Further, options 3 and 4 also have the problem that it is tricky to determine which properties are available in an “offline” manner. By this I mean that we actually have to parse the program and dig through the AST to find out which entry points they provide, and which attributes they might have. This requires the test driver to know about compiler internals. The information can be extracted easily from the compiled program over the server protocol, but this requires compiling the program before we know which properties it provides. I want the ability to quickly tally how many properties are to be tested, so we can print a progress bar or similar. This is impractical if we have to compile all programs first.

Option 5 is similar to how the futhark test tool currently works. This is how you currently define a unit test in Futhark:

-- ==
-- entry: test_rev
-- input { [1,2,3] } output { [3,2,1] }

entry test_rev (xs: []i32) = reverse xs

The magical comment beginning with == is called a “test spec” in the internal lingo, and specifies which entry point(s) to test, which input to provide, and which output to expect. The test specs can be parsed much faster than the full Futhark programs, and is completely disentangled from how programs are internally represented. The compiler as such does not understand these test specs. The approach is still somewhat vulnerable to human error, as I can easily imagine defining an entry point for a property, but forgetting to put in the magic comment. This does not happen so much with unit tests, as manually writing down the test cases is a major part of the process.
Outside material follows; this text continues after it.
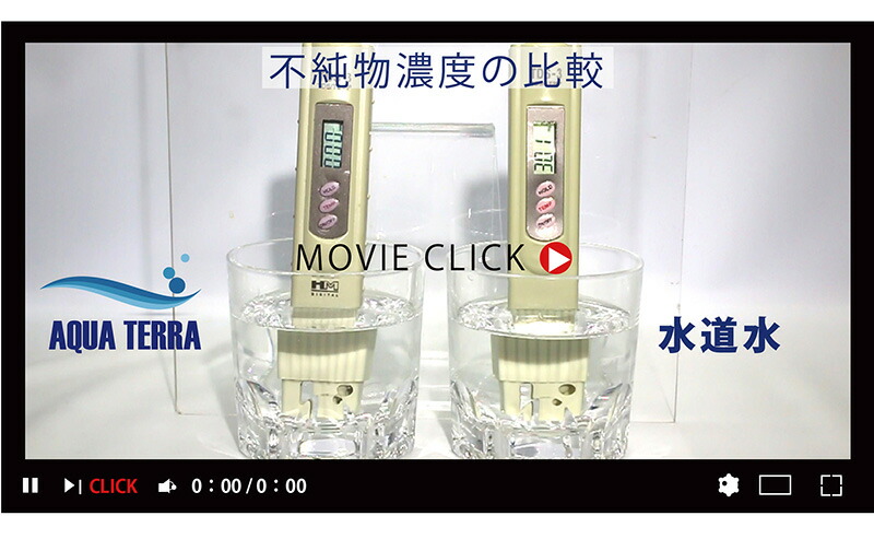 アクアテラで浄水すると、0ppm、不純物をすべて除去した超純水になります。

So we have three viable options - 3, 4, and 5, each with pros and cons. However, there is an additional wrinkle. In practice, writing properties is not enough - we also must make it possible for the user to specify input generators. For example, some property may only be defined for sorted lists, or maybe it accepts an abstract type that the test driver cannot generate automatically. Therefore, each property must optionally be coupled with a generator, and perhaps also a shrinker (for making failing inputs smaller), and a prettyprinter (for printing the input in a human-readable manner).

Option 3 becomes awkward under these extended constraints. We can perhaps say that a property prop_foo has a generator named gen_foo, a shrinker named shrink_foo, etc. But in many cases we may want to use the same generator (say, one for sorted arrays of integers) for multiple properties. we can of course do that with simple function definitions (entry gen_foo = generate_sorted_array), but I must admit I am uncomfortable with the notion of magic names.
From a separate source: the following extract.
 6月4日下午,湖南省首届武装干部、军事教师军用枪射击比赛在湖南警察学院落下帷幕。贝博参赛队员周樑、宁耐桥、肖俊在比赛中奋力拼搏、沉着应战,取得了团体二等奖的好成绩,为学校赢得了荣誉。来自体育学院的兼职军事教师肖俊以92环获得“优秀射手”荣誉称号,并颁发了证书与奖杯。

Option 4 handles this easily enough, simply by adding the information to the property. For example:

#[prop(gen_foo, shrink_foo, pp_foo)]
entry some_property = ...

Similarly, since option 5 also comes with some bespoke notation, it is also easy to just jam in whatever information we wish. For example:

-- ==
-- property some_property { generator=gen_foo, shrinker=shrink_foo, printer=pp_foo }

entry some_property = ...

(I did not put much thought into this specific syntax, it is intended solely as demonstration.)
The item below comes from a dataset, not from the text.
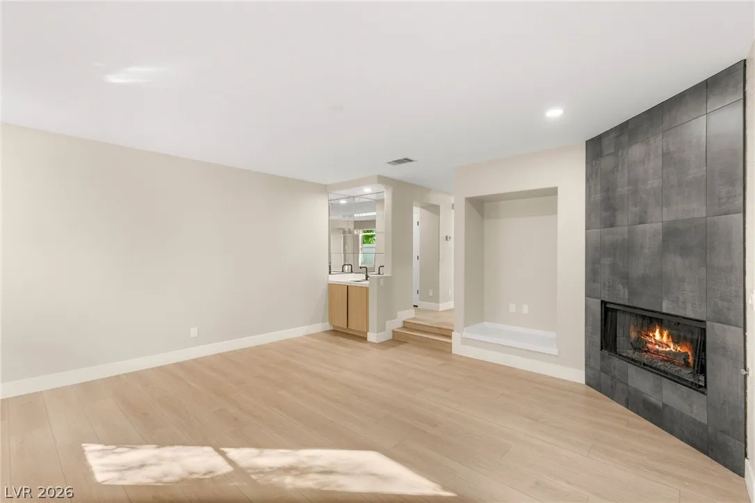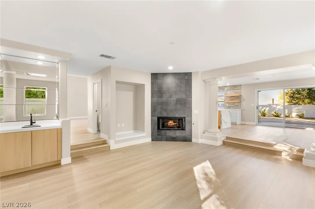 cabinetry. A sunken living room with wet bar and fireplace provides a distinctive space ideal for

The largest problem with option 5 is that it is essentially another language (albeit a tiny one) that users have to learn, written inside comments. While it is fine, I don’t think anyone particularly likes it, and users are sometimes confused by its syntax and behaviour.

We are left with three viable options. All of these will work technically, but have implications for the user experience. Which option is preferable may be up to personal judgement. There is also the possibility of mixing them - for example, you could assume all entry points named prop_* are properties, but use attributes for connecting them to generators, shrinkers, and prettyprinters. The current prototype implements option 4, but I am personally leaning towards option 5.

Of course, I should note that I am not writing this post about surface syntax because it is the most interesting part of property based testing. There are other questions still to answer, such as how to actually write generators or shrinkers (do we need combinator libraries?), but these have much clearer technical properties that make it easier to decide whether a solution is good or not.